This thing about a Father “giving the daughter away” at a wedding is a lie. They were never ours to give. Daughters are not the property of their Dads or Moms any more than a male child is the property of his parents. My daughters, Jenna and Julie, independent from the beginning, were on loan to us temporarily for nurture and safekeeping.
Sally and I both changed their diapers and gave them baths, but that was our duty. They don’t owe their mother or me lifelong allegiance for taking care of them. I stood in an impossibly long line so Jenna could have a Cabbage Patch dolI one Christmas. Julie’s Big Wish was a bit more complicated, but, when Christmas morning arrived, she had Rainbow Brite sheets. Those were acts of love, not a deal I made to be paid back later.
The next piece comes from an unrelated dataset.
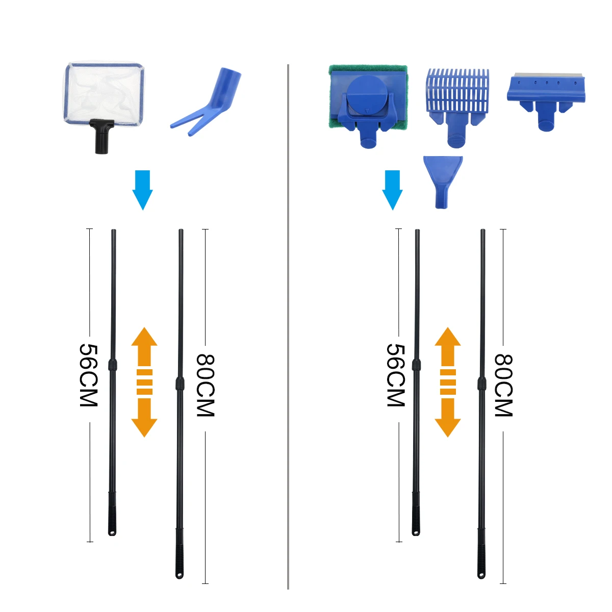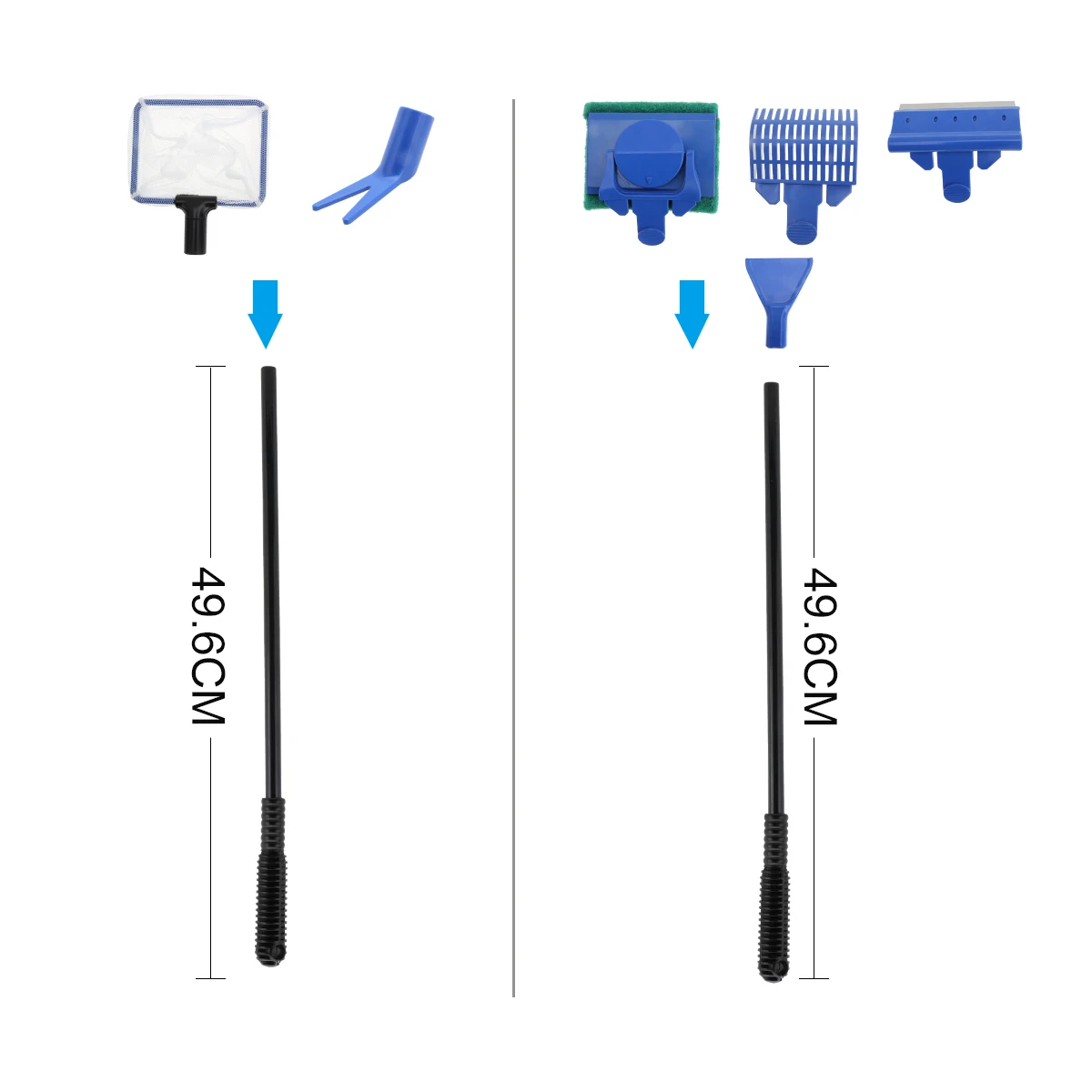 -При сборке гравия грабли, губка для очистки и скребок для водорослей должны быть оснащены держателем аксессуаров, а затем собрать к стержню. Ложка и вилка для растений могут напрямую соединиться с ней. -В случае, мы предоставляем 1 резиновое буферное кольцо, установленное в телескопической штанге для использования. (Использование как показано)
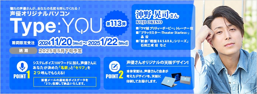 声優オリジナルパソコンに沖野晃司さんが登場!【Type:YOU -タイプユー-】第113弾は11月20日(水)よりスマッシュコアで受注開始!

Dance recitals: I never missed one. They (and their costumes) were cute and I was proud.
When one of my daughters was quiet too long, we would discover she had been unrolling the toilet paper or giving her dolls a bath in the toilet. Sally and I laughed. We didn’t think or say, “You owe us.”
Over years, they dealt with bullies, as every kid does. I could not always protect them. They had to figure some things out on their own.
When they were teenagers, each asserted her independence and I hated it. Let them go? Willingly? Not while I was still breathing. They were independent nonetheless.
I took them on trips rather than always sending them off with someone else. With Jenna, I’ve been to New York City at Christmas, and climbed the Mayan Pyramids in the Yucatan Peninsula. With Julie, I’ve seen the monkeys on Gibraltar, and roamed the streets of Amsterdam. We toured England and Scotland as a family, Jenna a teenager and Julie a preteen. They have memories of our time together that will outlast me.
At some point, B. O. Y. S. entered the picture, and that was a challenge. But, all’s well that ends well. I approve of Thorne and Tom and I thank God every day for my sons-in-law.
Fatherhood and parenting did not end when they got married. Conversations about grace, fairness, patience, right and wrong never end. At least, not yet. They will always be my daughters and I will always be their daddy. But make no mistake: they were and are independent women. I am proud of them.